(What needs to be done):
Output the whole listing exactly, with no pictures.

(The data):
****
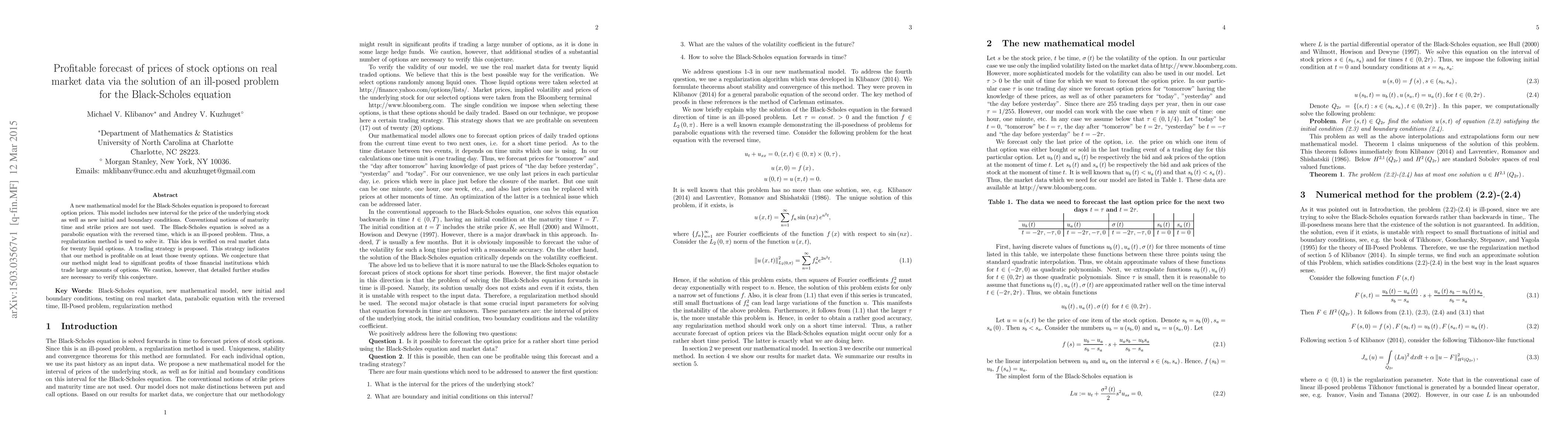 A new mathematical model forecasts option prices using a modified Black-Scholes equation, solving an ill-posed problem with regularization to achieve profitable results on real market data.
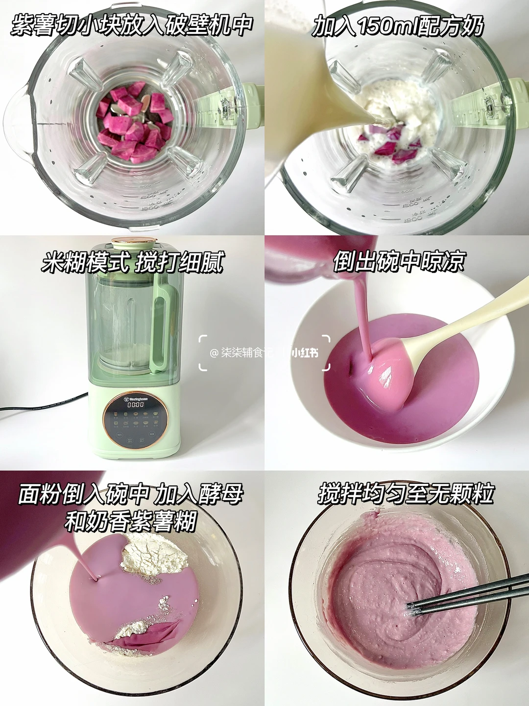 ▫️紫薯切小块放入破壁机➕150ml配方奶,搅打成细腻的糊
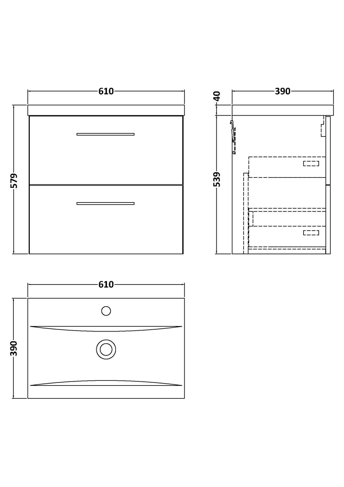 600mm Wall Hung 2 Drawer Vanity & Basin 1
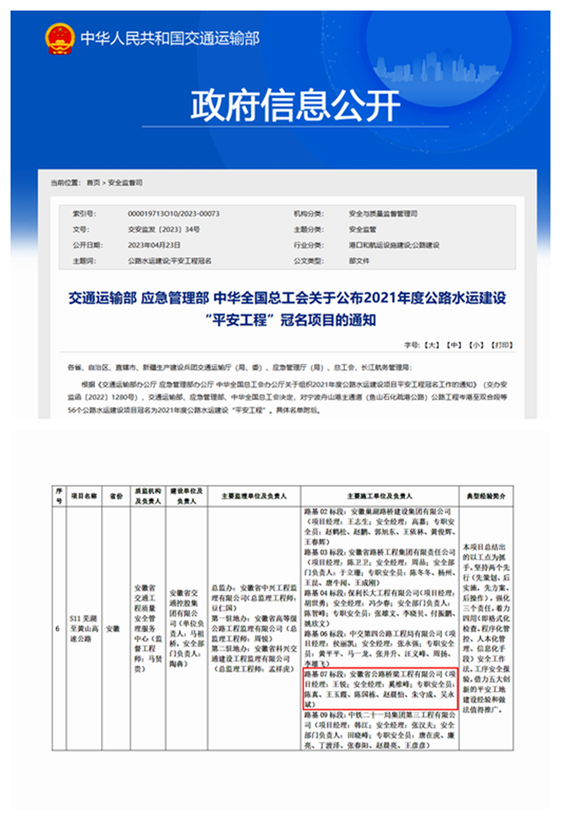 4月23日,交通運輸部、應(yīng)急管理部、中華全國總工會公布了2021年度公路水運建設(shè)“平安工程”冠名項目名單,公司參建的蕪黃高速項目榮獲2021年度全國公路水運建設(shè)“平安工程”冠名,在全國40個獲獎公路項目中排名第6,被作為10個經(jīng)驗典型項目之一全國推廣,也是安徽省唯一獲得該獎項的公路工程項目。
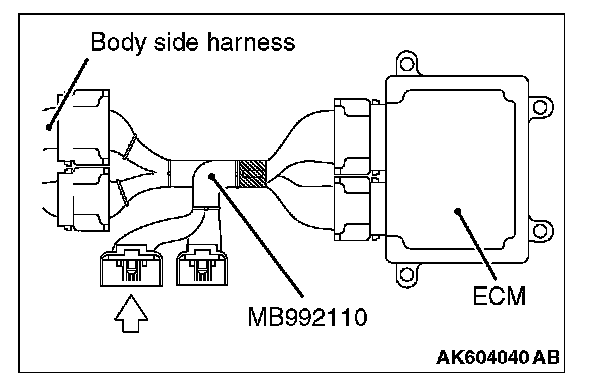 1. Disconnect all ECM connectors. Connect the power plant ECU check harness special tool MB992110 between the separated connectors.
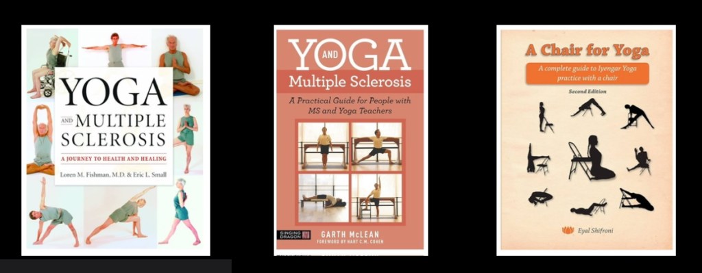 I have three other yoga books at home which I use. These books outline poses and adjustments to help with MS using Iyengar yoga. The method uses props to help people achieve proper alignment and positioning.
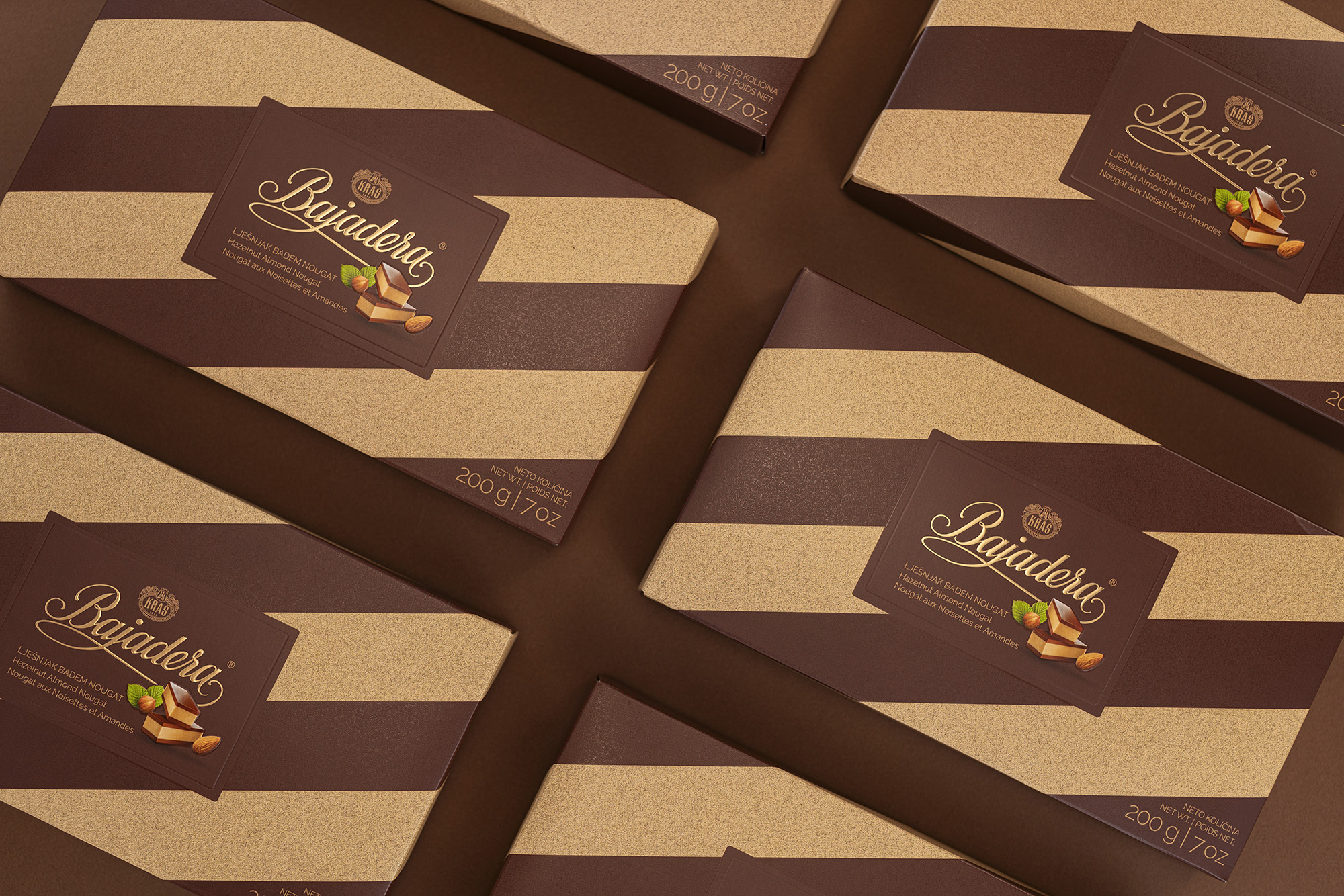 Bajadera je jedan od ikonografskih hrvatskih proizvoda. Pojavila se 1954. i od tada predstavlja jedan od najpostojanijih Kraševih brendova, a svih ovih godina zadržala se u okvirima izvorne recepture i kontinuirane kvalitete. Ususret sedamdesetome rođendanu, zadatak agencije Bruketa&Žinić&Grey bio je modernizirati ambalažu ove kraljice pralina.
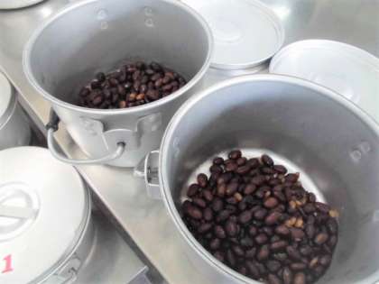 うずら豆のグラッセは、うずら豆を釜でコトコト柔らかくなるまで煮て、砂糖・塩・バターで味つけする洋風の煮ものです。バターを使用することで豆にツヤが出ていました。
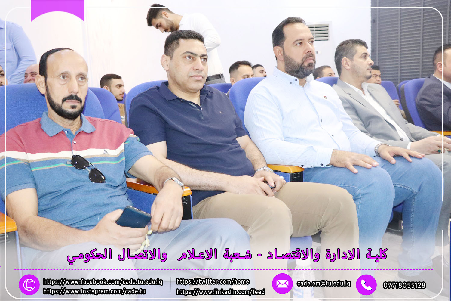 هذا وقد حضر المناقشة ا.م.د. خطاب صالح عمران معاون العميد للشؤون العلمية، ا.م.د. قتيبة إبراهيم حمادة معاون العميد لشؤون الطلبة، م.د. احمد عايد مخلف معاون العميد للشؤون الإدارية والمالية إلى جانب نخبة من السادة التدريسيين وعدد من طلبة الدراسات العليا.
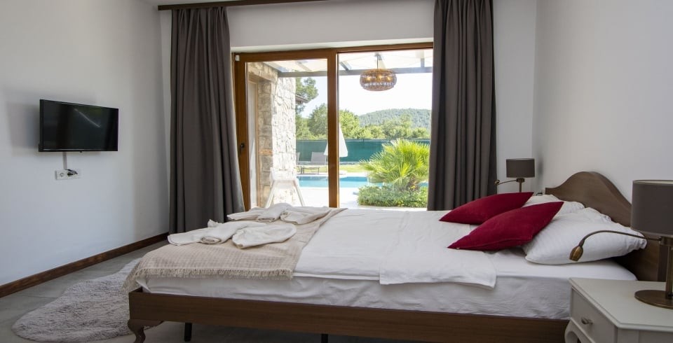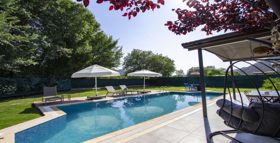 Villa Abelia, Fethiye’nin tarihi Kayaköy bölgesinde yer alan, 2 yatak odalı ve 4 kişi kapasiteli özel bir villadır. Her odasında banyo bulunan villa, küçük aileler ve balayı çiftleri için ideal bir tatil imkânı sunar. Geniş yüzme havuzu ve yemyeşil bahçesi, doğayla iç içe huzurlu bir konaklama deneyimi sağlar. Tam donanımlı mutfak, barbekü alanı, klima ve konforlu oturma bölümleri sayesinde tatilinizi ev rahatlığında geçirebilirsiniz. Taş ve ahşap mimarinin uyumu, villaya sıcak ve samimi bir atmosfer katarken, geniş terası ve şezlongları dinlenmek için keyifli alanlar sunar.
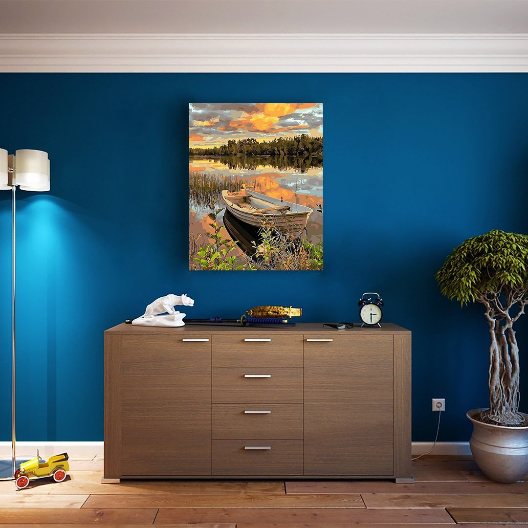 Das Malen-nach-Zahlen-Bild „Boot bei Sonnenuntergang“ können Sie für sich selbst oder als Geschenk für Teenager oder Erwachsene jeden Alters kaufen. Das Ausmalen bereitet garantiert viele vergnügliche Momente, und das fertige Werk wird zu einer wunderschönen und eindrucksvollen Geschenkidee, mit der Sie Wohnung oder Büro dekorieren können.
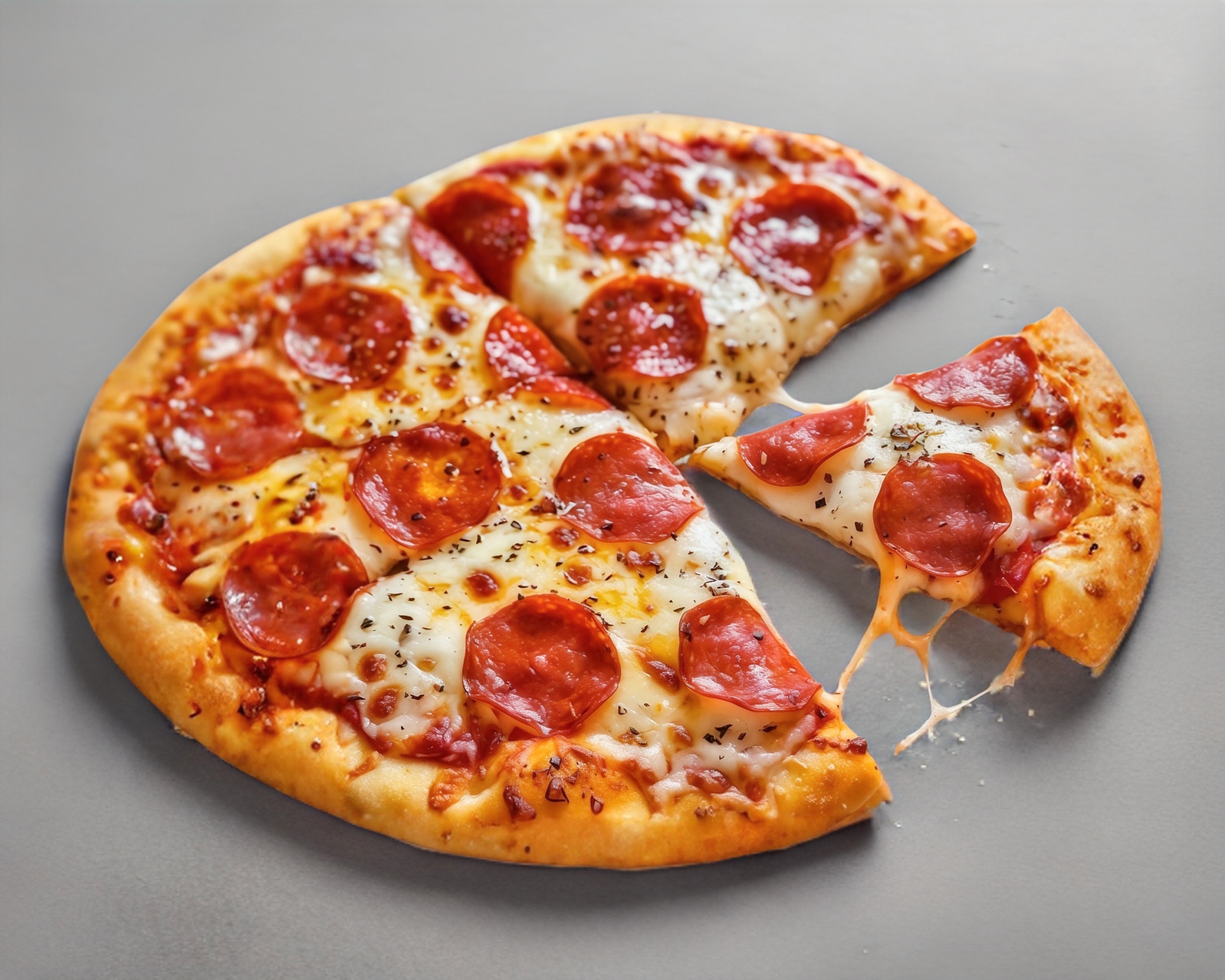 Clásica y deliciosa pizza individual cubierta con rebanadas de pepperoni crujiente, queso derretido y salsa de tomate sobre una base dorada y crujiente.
****
(Response to this task):
 A new mathematical model forecasts option prices using a modified Black-Scholes equation, solving an ill-posed problem with regularization to achieve profitable results on real market data.
 ▫️紫薯切小块放入破壁机➕150ml配方奶,搅打成细腻的糊
 600mm Wall Hung 2 Drawer Vanity & Basin 1
 4月23日,交通運輸部、應(yīng)急管理部、中華全國總工會公布了2021年度公路水運建設(shè)“平安工程”冠名項目名單,公司參建的蕪黃高速項目榮獲2021年度全國公路水運建設(shè)“平安工程”冠名,在全國40個獲獎公路項目中排名第6,被作為10個經(jīng)驗典型項目之一全國推廣,也是安徽省唯一獲得該獎項的公路工程項目。
 1. Disconnect all ECM connectors. Connect the power plant ECU check harness special tool MB992110 between the separated connectors.
 I have three other yoga books at home which I use. These books outline poses and adjustments to help with MS using Iyengar yoga. The method uses props to help people achieve proper alignment and positioning.
 Bajadera je jedan od ikonografskih hrvatskih proizvoda. Pojavila se 1954. i od tada predstavlja jedan od najpostojanijih Kraševih brendova, a svih ovih godina zadržala se u okvirima izvorne recepture i kontinuirane kvalitete. Ususret sedamdesetome rođendanu, zadatak agencije Bruketa&Žinić&Grey bio je modernizirati ambalažu ove kraljice pralina.
 うずら豆のグラッセは、うずら豆を釜でコトコト柔らかくなるまで煮て、砂糖・塩・バターで味つけする洋風の煮ものです。バターを使用することで豆にツヤが出ていました。
 هذا وقد حضر المناقشة ا.م.د. خطاب صالح عمران معاون العميد للشؤون العلمية، ا.م.د. قتيبة إبراهيم حمادة معاون العميد لشؤون الطلبة، م.د. احمد عايد مخلف معاون العميد للشؤون الإدارية والمالية إلى جانب نخبة من السادة التدريسيين وعدد من طلبة الدراسات العليا.
 Villa Abelia, Fethiye’nin tarihi Kayaköy bölgesinde yer alan, 2 yatak odalı ve 4 kişi kapasiteli özel bir villadır. Her odasında banyo bulunan villa, küçük aileler ve balayı çiftleri için ideal bir tatil imkânı sunar. Geniş yüzme havuzu ve yemyeşil bahçesi, doğayla iç içe huzurlu bir konaklama deneyimi sağlar. Tam donanımlı mutfak, barbekü alanı, klima ve konforlu oturma bölümleri sayesinde tatilinizi ev rahatlığında geçirebilirsiniz. Taş ve ahşap mimarinin uyumu, villaya sıcak ve samimi bir atmosfer katarken, geniş terası ve şezlongları dinlenmek için keyifli alanlar sunar.
 Das Malen-nach-Zahlen-Bild „Boot bei Sonnenuntergang“ können Sie für sich selbst oder als Geschenk für Teenager oder Erwachsene jeden Alters kaufen. Das Ausmalen bereitet garantiert viele vergnügliche Momente, und das fertige Werk wird zu einer wunderschönen und eindrucksvollen Geschenkidee, mit der Sie Wohnung oder Büro dekorieren können.
 Clásica y deliciosa pizza individual cubierta con rebanadas de pepperoni crujiente, queso derretido y salsa de tomate sobre una base dorada y crujiente.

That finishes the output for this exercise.